NEW YORK–Former New York Insurance Superintendent Howard Mills said his successor, Eric Dinallo, has a good concept in mind to remedy catastrophe insurance reserve problems, but it's unworkable.

Speaking at a rating agency conference last week, Mr. Mills, a Republican, who is chief advisor for the Insurance Industry Group of Deloitte & Touche USA, said the limited scope of catastrophe reserving plan put forth by Mr. Dinallo, a Democrat, last October would make it unfeasible in practice.

"He [was] on the right track and doing [his] best given the constrictions of this wacky state regulatory system," Mr. Mills said of Mr. Dinallo. But this "really can't work on a standalone basis," Mr. Mills said last Monday during the Standard & Poor's annual insurance conference in New York.
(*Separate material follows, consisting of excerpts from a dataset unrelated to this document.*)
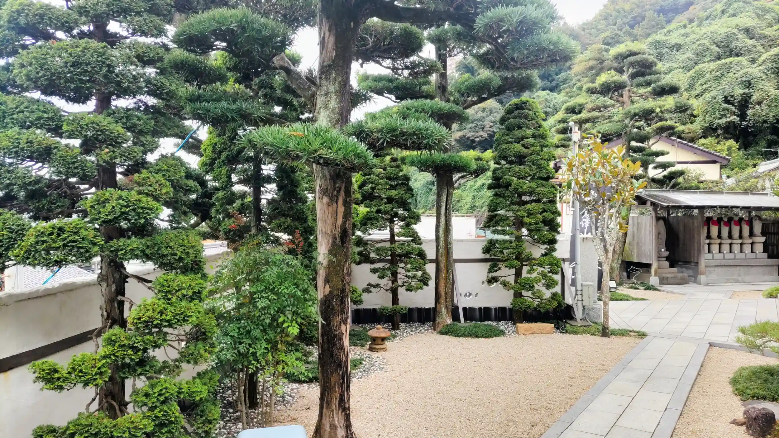 道を挟んでお寺の向かいおよび石段の左手に駐車場があります。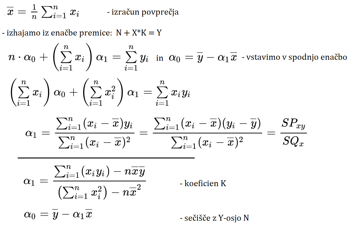 Izračunamo korelacijo, naklon K in N presečišče Y osi premice: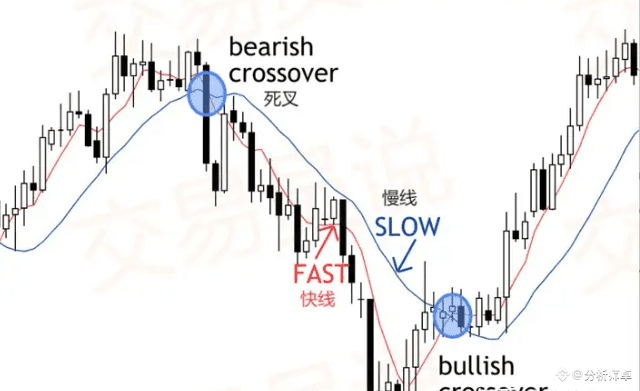 当在同一张图表上使用两个或多个均线指标组合时,就会出现慢(红色)和快(蓝色)移动平均线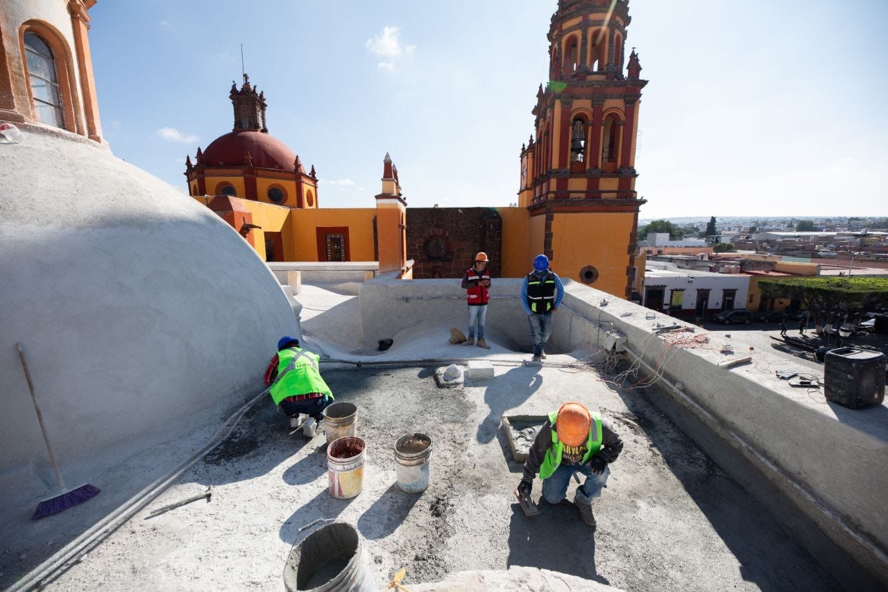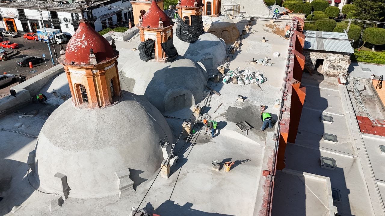 Agregó que las labores consisten, al interior del templo, en el retiro de entortados en mal estado de bóvedas y cúpulas, el retiro de chaflanes en la nave principal, linternillas y campanario, así como el retiro de aplanados en mal estado. En el exterior, enlistó, se trabaja en la limpieza de cantera, lavado de pretiles y muros de mampostería, inyección de grietas, aplanados en muros, pintura a la cal, restauración de portones y pintura de esmalte en herrería.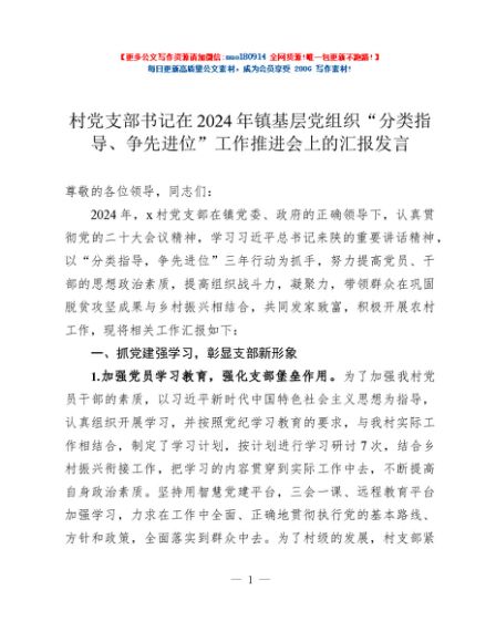 / 村党支部书记在2024年镇基层党组织“分类指导、争先进位”工作推进会上的汇报发言

Mr. Mills explained that if New York requires insurers to set aside money, which would not be taxed, and they don't have to do this if they write homeowners in New Jersey, "then New York would in fact put itself at a competitive disadvantage and give Allstate and Travelers yet another reason not to do business in there," suggesting that the plan would make more sense as a national, rather than a single-state solution.

Like Mr. Dinallo, Mr. Mills proposes allowing insurers to set aside and invest "dedicated catastrophe reserves."
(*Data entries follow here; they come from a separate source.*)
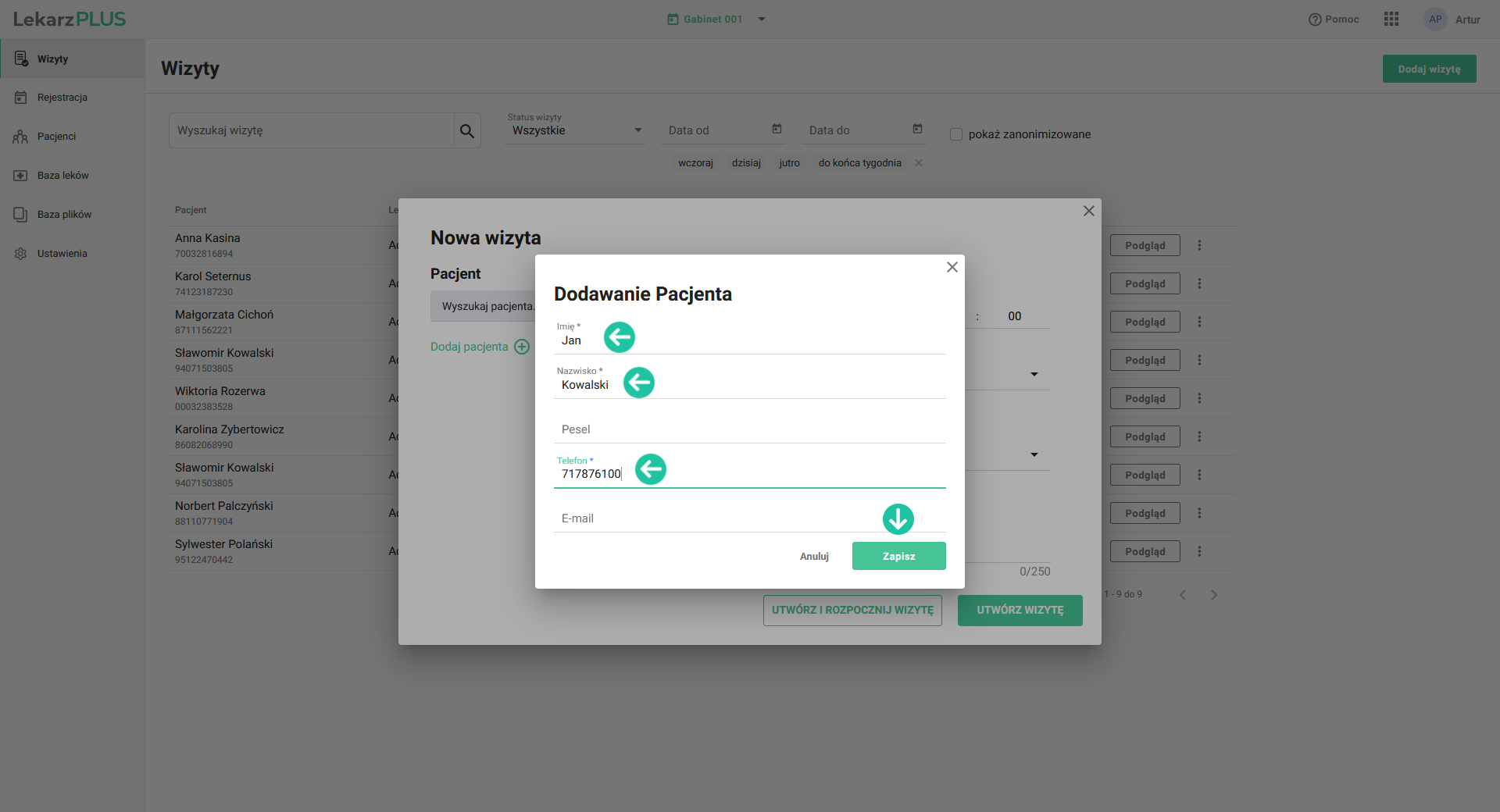 Aby zapisać dane pacjenta musisz podać przynajmniej: Imię; Nazwisko oraz Telefon. Pozostałe pola są opcjonalne. Zapisz wprowadzone informacje. Spowoduje to zapisanie kartoteki pacjenta w module pacjenci i przypisanie jej do planowanej wizyty.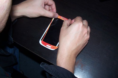 My do testów otrzymaliśmy kilka wersji nakładanych na różne urządzenia: skiny na iPada3, Samsunga Galaxy S3 oraz Iphone’a 4. W każdym z tych urządzeń proces nakładania folii jest podobny.
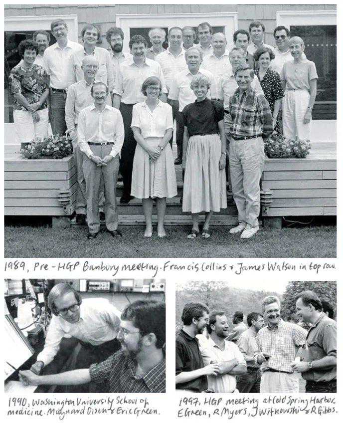 ▷图1989年,人类基因组计划成立前会议合照,弗朗西斯·柯林斯与詹姆斯·沃森位列第一排。图源:pubmed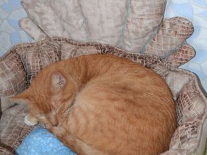 Сегодня мы будем шить необычную вещь для наших любимых животных. Рыжую кошечку я взяла этой весной из приюта, ей 4 года. Мы назвали её Матрёшкой. По характеру Матрешка довольно спокойная, поначалу она всего боялась, но через месяц вполне освоилась в квартире и начала играть — и даже немножко хулиганить. Она оказалась очень изящной и ласковой. Мы быстро подружились с Матрёшкой, и мне очень захотелось сделать для неё и для себя что-то приятное. Все кошки много спят, и ко мне пришла идея сшить для неё нарядное и уютное гнездышко.

By allowing such reserves, "ultimately…you're looking at premium payers who will be paying" the costs of insuring homeowners in catastrophe-exposed areas, Mr. Mills said, distinguishing the solution from government backstops.
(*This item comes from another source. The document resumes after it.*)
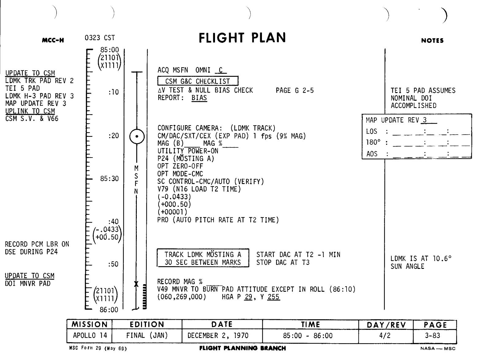 084:29:57 Roosa (onboard): No, what this is, is - we'll maneuver - we won't - Yes. We won't be torquing the vehicle to waste gas. This will just be a look at our landmark for a similar-type approach for tracking after Sep tomorrow, for the landing, and from the low altitude. Give me a hack at acquisition time. Even though on the actual tracking, you torque your spacecraft at 2 degrees per second. [Garble] will become a problem. Okay. Here's the Hycon for the top - topo.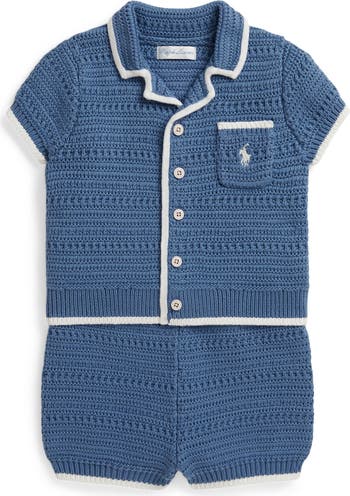 Baby will be relaxed, comfy and coastal-cool in this chunky cotton set featuring a tipped, polo-inspired sweater and pull-on shorts.

A "backstop…means taxpayers are going to pay the tab," he said. "You are going against one of the fundamental principles of insurance"–commonality of risk–he said, noting that taxpayers not living on the coast would pay for risks of those that do.

Explaining the dedicated reserve approach, he said, the industry needs "to think about insurance the way the typical insured does," explaining that a Long Island homeowners that has paid premiums to Allstate for years without a claims, thinks there's Allstate has "a bucket of money with his name on it" to draw from his accumulated premiums when the big one does strike his house. The insured doesn't understand that at the end of every year, "this capital goes elsewhere, because the tax code forces it to go elsewhere," he said.

"Why not enable the industry to invest some of that money so…actual premium dollars paid [are] invested" and funds remain dedicated for mega-catastrophes, Mr. Mills asked, stressing that appropriate controls and tax accounting laws would need to be put in place to guard against insurers moving the money around.